__WORK TASK__. Below are the records; extract from them the line containing "6月5日,临河区国营新华林场护林员登上瞭望塔准备开展巡护工作。新华社记者 李志鹏 摄" to the line containing "(부천=포커스뉴스) 8일 부천체육관에서", both lines included, exactly and with no pictures.

__PROVIDED DATA__.
....................

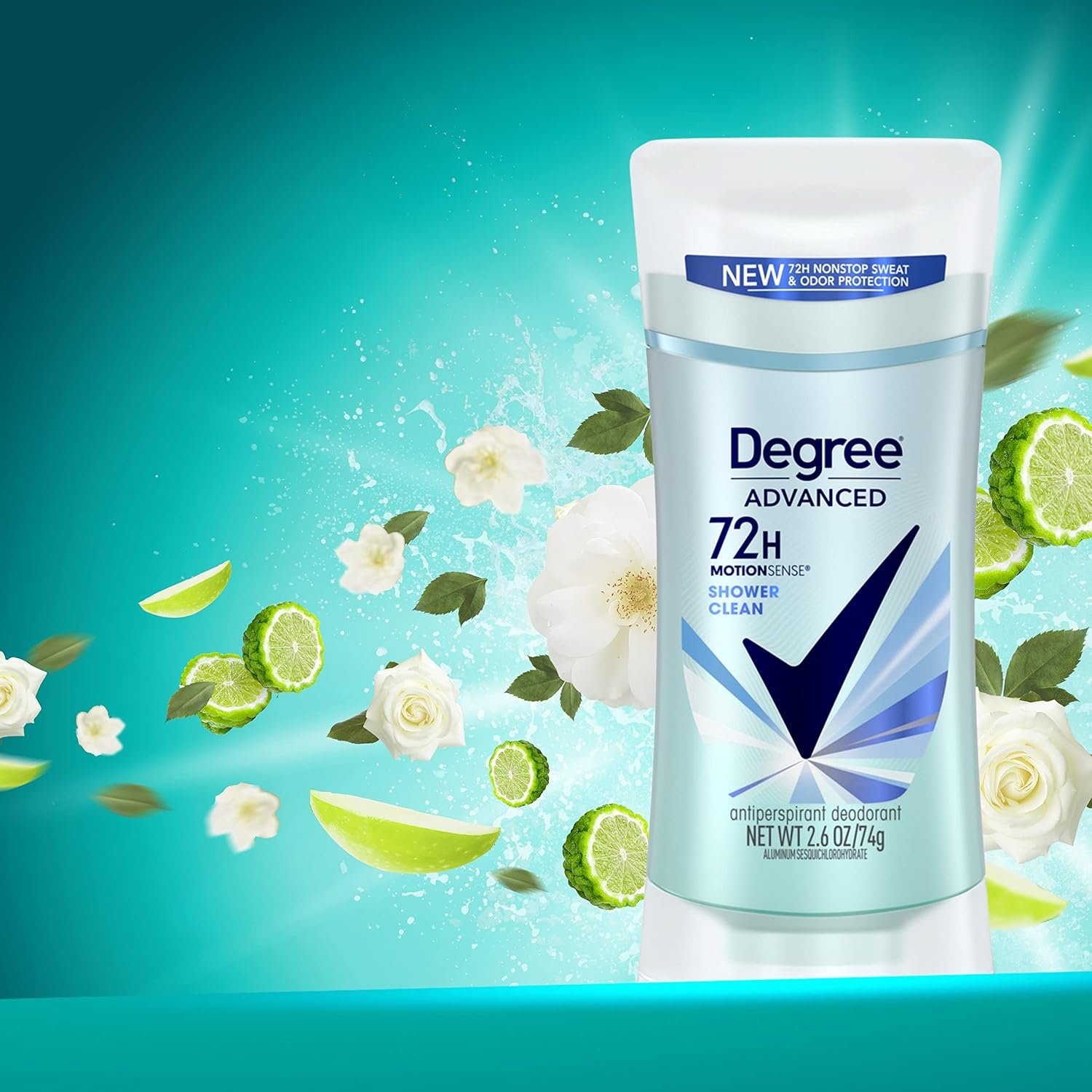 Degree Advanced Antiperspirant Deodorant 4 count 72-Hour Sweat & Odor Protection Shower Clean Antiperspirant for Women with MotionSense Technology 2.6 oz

....................

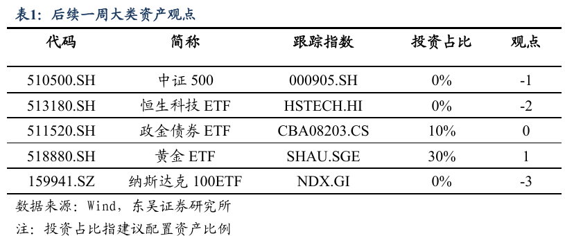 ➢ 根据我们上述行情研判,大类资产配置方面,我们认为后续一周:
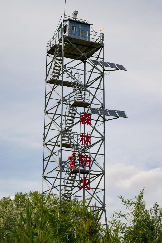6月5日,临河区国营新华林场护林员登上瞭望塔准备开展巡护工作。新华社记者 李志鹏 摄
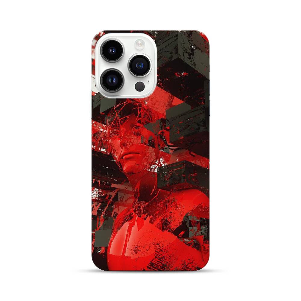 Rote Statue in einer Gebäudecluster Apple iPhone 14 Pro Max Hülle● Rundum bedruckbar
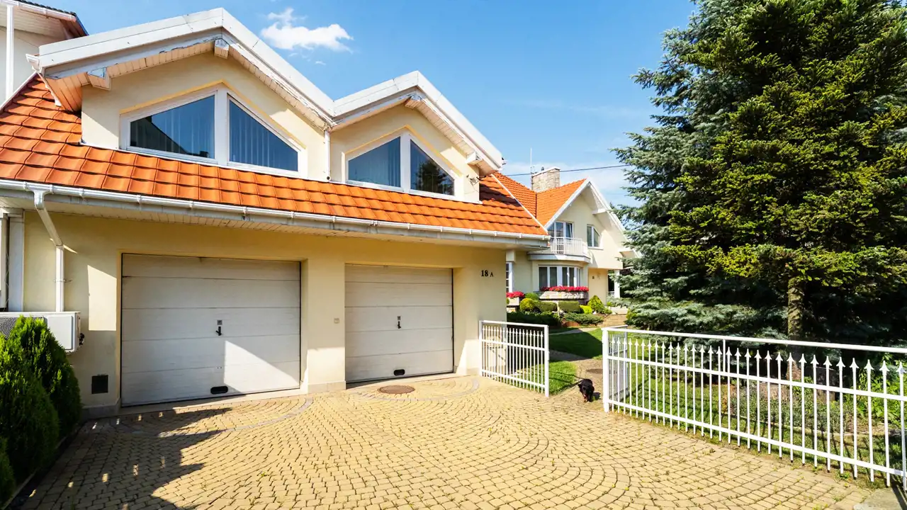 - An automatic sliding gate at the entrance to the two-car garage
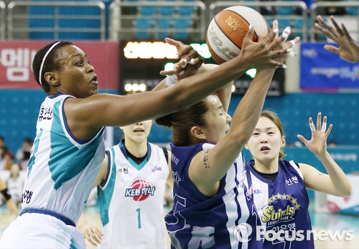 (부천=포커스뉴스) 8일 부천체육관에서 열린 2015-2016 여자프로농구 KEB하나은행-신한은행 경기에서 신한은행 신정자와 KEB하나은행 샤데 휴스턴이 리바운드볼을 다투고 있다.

....................

__RESPONSE BOX__.
6月5日,临河区国营新华林场护林员登上瞭望塔准备开展巡护工作。新华社记者 李志鹏 摄
 Rote Statue in einer Gebäudecluster Apple iPhone 14 Pro Max Hülle● Rundum bedruckbar
 - An automatic sliding gate at the entrance to the two-car garage
 (부천=포커스뉴스) 8일 부천체육관에서 열린 2015-2016 여자프로농구 KEB하나은행-신한은행 경기에서 신한은행 신정자와 KEB하나은행 샤데 휴스턴이 리바운드볼을 다투고 있다.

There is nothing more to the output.